Rosemary and Port Wine Demi-Glace

Yield: 1/2 – 2/3 cups

Ingredients:

2 c. Veal or Beef Stock
1 c. Ruby Port Wine
2 Sprigs of Fresh Rosemary
3 Shallots, finely minced
½ c. Leeks (white part only), thinly sliced
2 Bay Leaves
2 tsp. Canola Oil
3 Tbsp. Unsalted Butter
Kosher salt to taste

Method:

Sauté the shallots and leeks in oil until translucent, about 3-4 minutes. Add the port, and reduce until the liquid becomes thick and syrupy (it should be able to lightly coat the back of a spoon). Add the stock and bay leaves, bring to a boil, and then simmer until reduced by half. Lightly bruise the rosemary, add it to the sauce. Continue to reduce the sauce until approx 1/2 to 2/3 cups remain. Strain into a separate pan, then off the heat, whisk in the butter until it’s emulsified. Season to taste with the kosher salt.

**Because this sauce is concentrated, it is NOT meant to drench the meat in. 2-3 tablespoons of sauce will suffice because the flavor is so rich. You don’t want to overpower the meat.
 
Last edited:
Ironchef, I made this recipe on Saturday. Apparently didn't let it reduce enough, because the end product was not very thick and I had about a cup. I was pressed for time ( had to feed and get two teenagers out the door for a party on time), so I'm sure that was part of the problem.

About how long should it take for the two reductions?

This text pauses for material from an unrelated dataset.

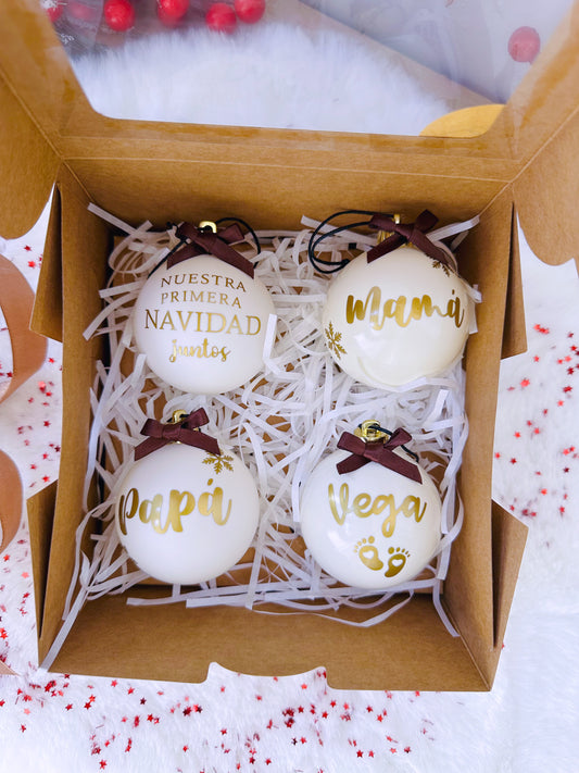 Pack 4 bolas "Nuestra Primera Navidad Juntos"
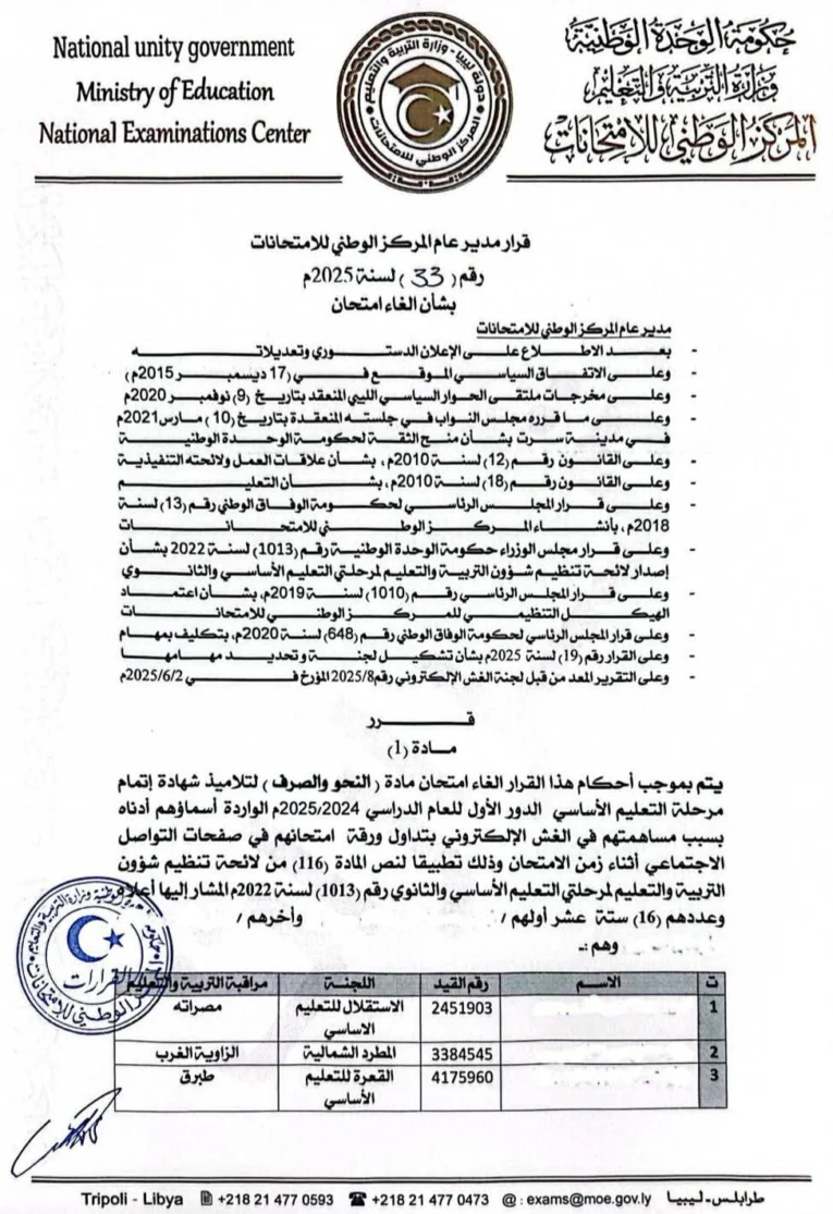 وشمل القرار أسماء التلاميذ المعنيين وأرقام قيدهم واللجان الامتحانية التابعين لها، موزعين على عدد من المناطق التعليمية، منها: طرابلس، الزاوية، مصراتة، بنغازي، طبرق، مزدة، العزيزية، درنة، سوق الجمعة، وحي الأندلس.

Tasted delicious, though. Will practice further (I've got all that port left, and I won't drink it straight - too sweet).
 
The end product is not supposed to be thick like a gravy so I'm sure you did it correctly. You could probably have let the combined stock and port reduce by 1/4 cup more to get about 2/3-3/4 of a cup. The sauce should be a concentration of the flavors, but still fairly light in consistency. I try to keep my sauces a little thinner because I like how it combines with the texture of the food it's being paired with. To me, a sauce that's too thick overpowers the food texture wise, and doesn't feel right when eating and chewing.